In the context of complete open manifolds with \(\sec \ge 0\), Guijarro [14] proved the existence of an “improved” metric which is isometric to a product outside a neighborhood of the soul. Our third main result is that the same improvement can be obtained with strongly nonnegative curvature:

Theorem C

Let \((M,\mathrm g)\) be a complete open manifold with strongly nonnegative curvature and soul S. There exists another metric \(\mathrm g'\) on M with strongly nonnegative curvature, such that S remains a soul, and \((M,\mathrm g')\) is isometric to a product \(\nu _1(S)\times [1,+\infty )\) outside a compact neighborhood of S.

As a consequence of Theorem C, it is possible to construct metrics with strongly nonnegative curvature on doubles of any open manifolds with strongly nonnegative curvature. Recall that the double of an open manifold (or manifold with boundary) M is the closed manifold obtained by gluing two copies of M together along their boundary. For instance, one can build closed examples of manifolds with strongly nonnegative curvature taking the double of any of the vector bundles in Corollary 3.4.

The constructions in Theorems A, B, and C comprise an exhaustive list of all the currently known methods to produce manifolds with \(\sec \ge 0\). Therefore, as claimed in the first paragraph, all known examples of manifolds with \(\sec \ge 0\) have strongly nonnegative curvature.

Besides the fundamental fact that strongly nonnegative curvature is preserved under Riemannian submersions [4], there are two main technical tools needed to prove the above results. The first (Lemma 3.2) is that bi-invariant metrics on Lie groups retain strongly nonnegative curvature after being dilated by a factor of up to \(\tfrac{4}{3}\) in the direction of an abelian subalgebra. This result is a strengthening of a result in Grove and Ziller [12, Prop. 2.4], see also Ziller [23, Lemma 2.9], using the same key fact that such dilations are “backwards” Cheeger deformations, or submersions from a certain semi-Riemannian manifold. The second technical result (Lemma 4.1) asserts that certain disk bundles whose boundary is a homogeneous space with strongly positive curvature have a metric with strongly nonnegative curvature which is a product near the boundary. This is proved through certain estimates that generalize those in Cheeger [7].

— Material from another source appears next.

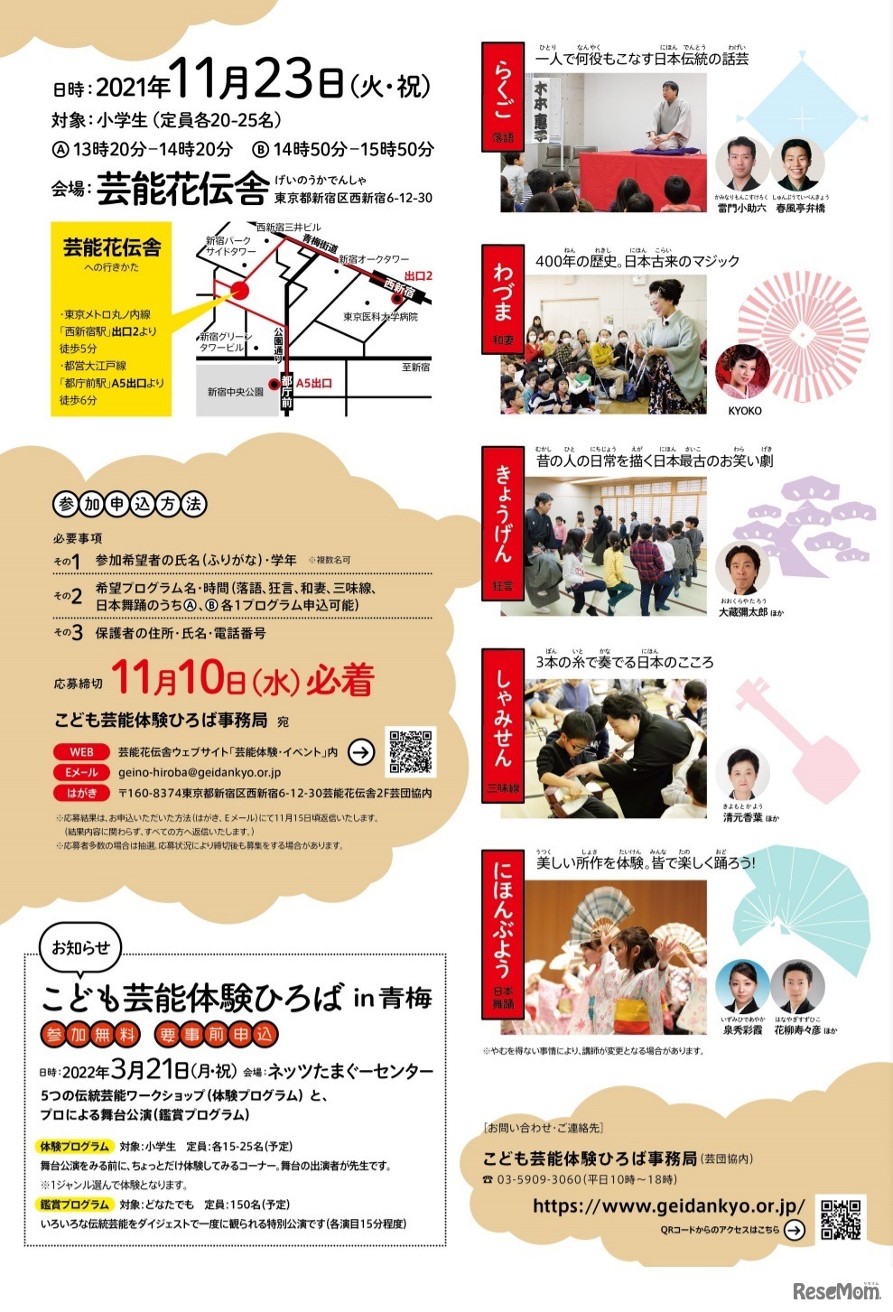 東京都と東京都歴史文化財団、こども芸能体験ひろば実行委員会は、日本の伝統芸能が体験できるワークショップ「こども芸能体験ひろば」を、2021年11月23日に芸能花伝舎(新宿)、2022年3月21日にネッツたまぐーセンター(青梅)にて開催する。参加無料・事前申込制。

This paper is organized as follows. Section 2 provides a recollection of the definitions and basic properties of strongly nonnegative curvature, as well as a discussion of basic examples. Constructions of metrics with strongly nonnegative curvature on cohomogeneity one manifolds are given in Sect. 3, where Theorem B is proved and its consequences for associated bundles are described. In Sect. 4, we explain a method to endow certain disk bundles with strongly nonnegative curvature, leading to the proof of Theorem A. Finally, Sect. 5 contains the proof of Theorem C.

2 Definitions and basic properties

A detailed account on strongly positive and nonnegative curvature can be found in [1, 3–5]. As a service to the reader, a short summary is provided below.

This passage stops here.